In accordance with certain aspects, rather than implementing additional logic that synchronizes state information across the service instances, the methods and systems provided herein may be configurable such that each service instance individually performs the same state-changing operations in the same order and at least initially each service instance may be configurable to start with the same applicable state information. Thus, the applicable state information 218 in each service instance should eventually be the same. Since such service instances may be operating asynchronously with respect to one another, state-changing operations may be queued and performed in order by each service instance.

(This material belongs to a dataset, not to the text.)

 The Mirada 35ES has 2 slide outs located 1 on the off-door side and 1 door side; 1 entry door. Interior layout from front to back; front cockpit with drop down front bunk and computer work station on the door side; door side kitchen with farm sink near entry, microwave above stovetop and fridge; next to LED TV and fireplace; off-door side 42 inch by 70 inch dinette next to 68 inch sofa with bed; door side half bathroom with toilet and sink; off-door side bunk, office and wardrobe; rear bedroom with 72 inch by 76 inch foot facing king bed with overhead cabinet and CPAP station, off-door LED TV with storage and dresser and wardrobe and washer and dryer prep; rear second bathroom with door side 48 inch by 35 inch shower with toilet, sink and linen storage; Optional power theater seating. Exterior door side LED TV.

By way of further example, one state-changing operation may be to withdraw funds from a bank account. The withdrawal would seem to change the state of servicing system 101 and hence it may be identified as a state-changing operation. Further, it seems certain that such a state-changing operation should only be performed one time. In accordance with one aspect of the methods and systems provided herein, the initial service instance 200 that receives and accepts such a request may be configured to not only perform the state-changing operation but to also forward or otherwise direct the request and/or state-changing operation to each of the other service instances. Thus, each of the service instances will eventually perform the state-changing operation and as such each should have the same applicable state information 218.

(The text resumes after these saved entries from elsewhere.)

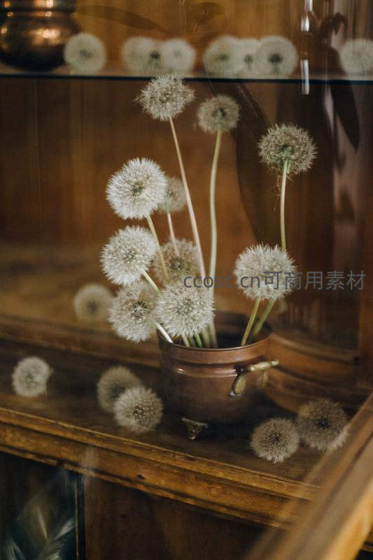 一束成熟的蒲公英插在古朴的铜罐中,置于木质柜台上,柔和光线与玻璃反光营造出宁静温馨的家居氛围。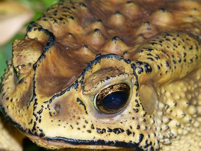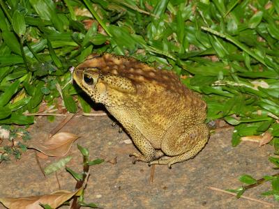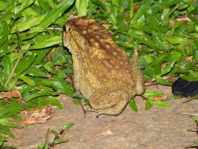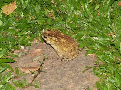 Letzte Woche hatten wir abends überraschenden Besuch im Garten. Ich schau ja immer wieder mal raus auf die Terrasse (allein schon wegen der Kobra im Garten vor einem Jahr) und sah im Dämmerlicht einen Kopf im Gras! Zuerst dachte ich: Eine Schlange! Ich schoss ins Esszimmer und holte die Kamera aus der Schublade! Draussen stellte sich heraus: Es war eine gigantische Kröte!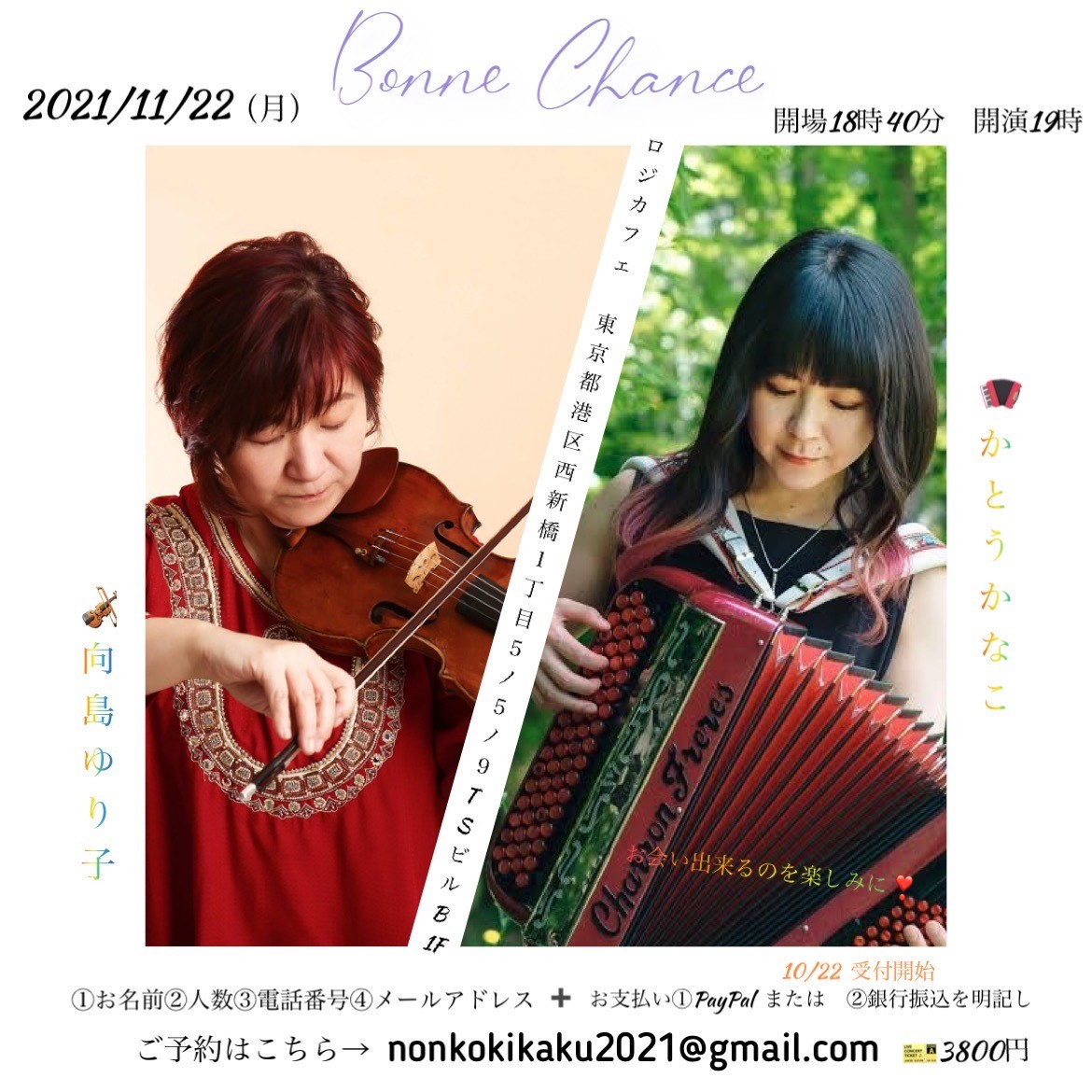 | 11/22 | 東京 ロジカフェ「Bone Chance」●かとうかなこ、向島ゆり子(ヴァイオリン)FLYER |

Moreover, in certain implementations, the initial service instance 200 may receive or otherwise access at least some if not all of the results from the other service instances and verify or otherwise compare such result(s) to its own “local” result from the state-changing operation before generating a response. In certain implementations, service instances may verify or otherwise associate results to requests, for example, to map results from different service instances to one or more requests.
With regard to the example shown in
Request handler 210 may update log information 216, for example, based on the receipt of request 202, and/or generation or successful transmission of response 214. For example, log information 216 may include all or part of request 202, response 214 or other information associated with the handling of the request.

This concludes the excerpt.